**Work task**.
Exactly the lines from the one with "Metalowa puszka wieloryb tuńczyk - z napisem" through the final line of the entries, and nothing else, should appear in the answer; no pictures go in it.

**Given records**.
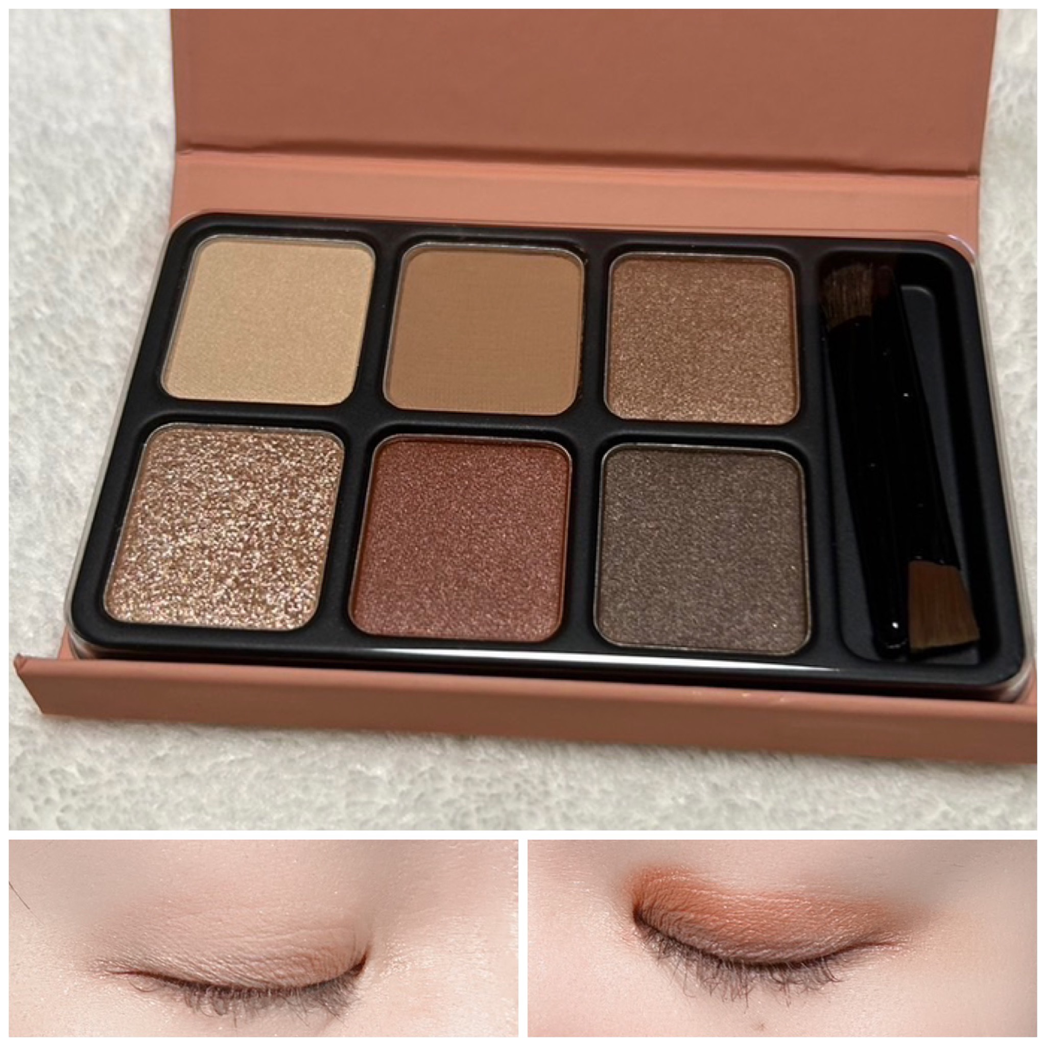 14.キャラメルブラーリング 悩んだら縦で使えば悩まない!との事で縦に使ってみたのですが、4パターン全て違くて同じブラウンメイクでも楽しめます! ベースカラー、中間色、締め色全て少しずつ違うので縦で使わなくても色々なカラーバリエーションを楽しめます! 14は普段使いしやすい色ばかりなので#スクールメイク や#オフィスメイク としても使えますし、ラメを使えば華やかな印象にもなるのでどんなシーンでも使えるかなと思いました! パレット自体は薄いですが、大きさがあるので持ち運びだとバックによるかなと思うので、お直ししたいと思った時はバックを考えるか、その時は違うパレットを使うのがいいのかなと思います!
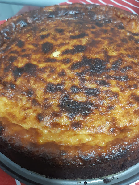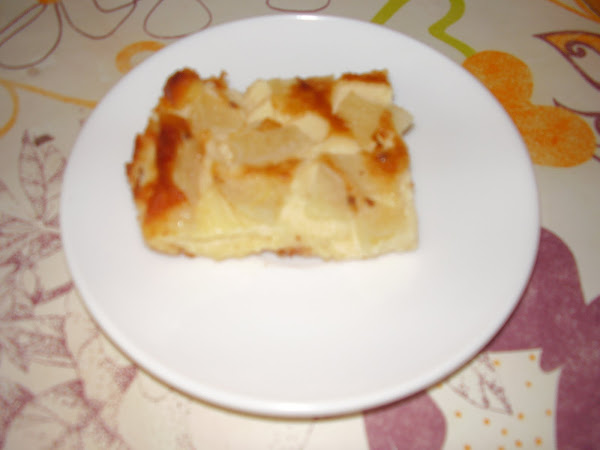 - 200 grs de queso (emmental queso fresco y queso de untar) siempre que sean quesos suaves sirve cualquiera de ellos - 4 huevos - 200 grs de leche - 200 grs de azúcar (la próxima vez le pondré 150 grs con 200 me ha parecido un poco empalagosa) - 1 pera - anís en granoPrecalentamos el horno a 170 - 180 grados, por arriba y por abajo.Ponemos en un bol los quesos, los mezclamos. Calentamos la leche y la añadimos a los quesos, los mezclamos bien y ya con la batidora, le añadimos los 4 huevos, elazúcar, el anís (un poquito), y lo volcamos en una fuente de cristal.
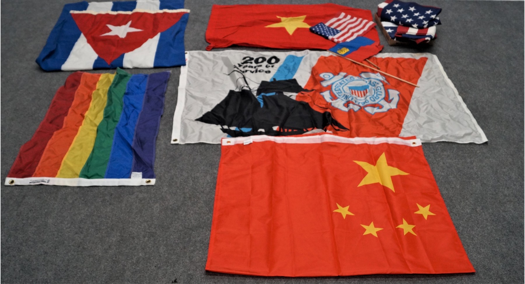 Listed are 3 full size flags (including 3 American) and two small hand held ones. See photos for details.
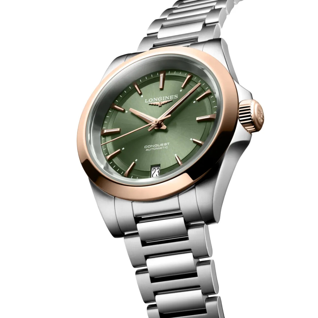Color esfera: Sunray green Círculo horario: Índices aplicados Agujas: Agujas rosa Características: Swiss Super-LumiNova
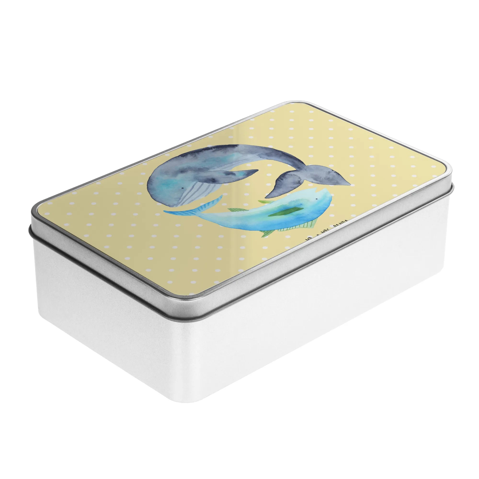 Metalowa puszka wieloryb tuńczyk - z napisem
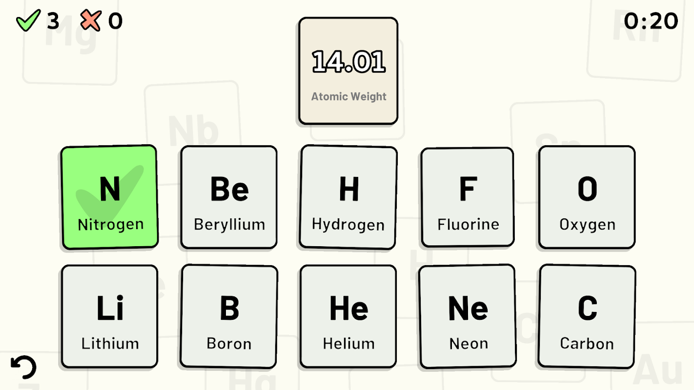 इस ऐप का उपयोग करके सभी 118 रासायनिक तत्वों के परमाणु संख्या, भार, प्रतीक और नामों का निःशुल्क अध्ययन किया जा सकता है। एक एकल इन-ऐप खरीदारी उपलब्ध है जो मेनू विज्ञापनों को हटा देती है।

**Response**.
 Metalowa puszka wieloryb tuńczyk - z napisem
 इस ऐप का उपयोग करके सभी 118 रासायनिक तत्वों के परमाणु संख्या, भार, प्रतीक और नामों का निःशुल्क अध्ययन किया जा सकता है। एक एकल इन-ऐप खरीदारी उपलब्ध है जो मेनू विज्ञापनों को हटा देती है।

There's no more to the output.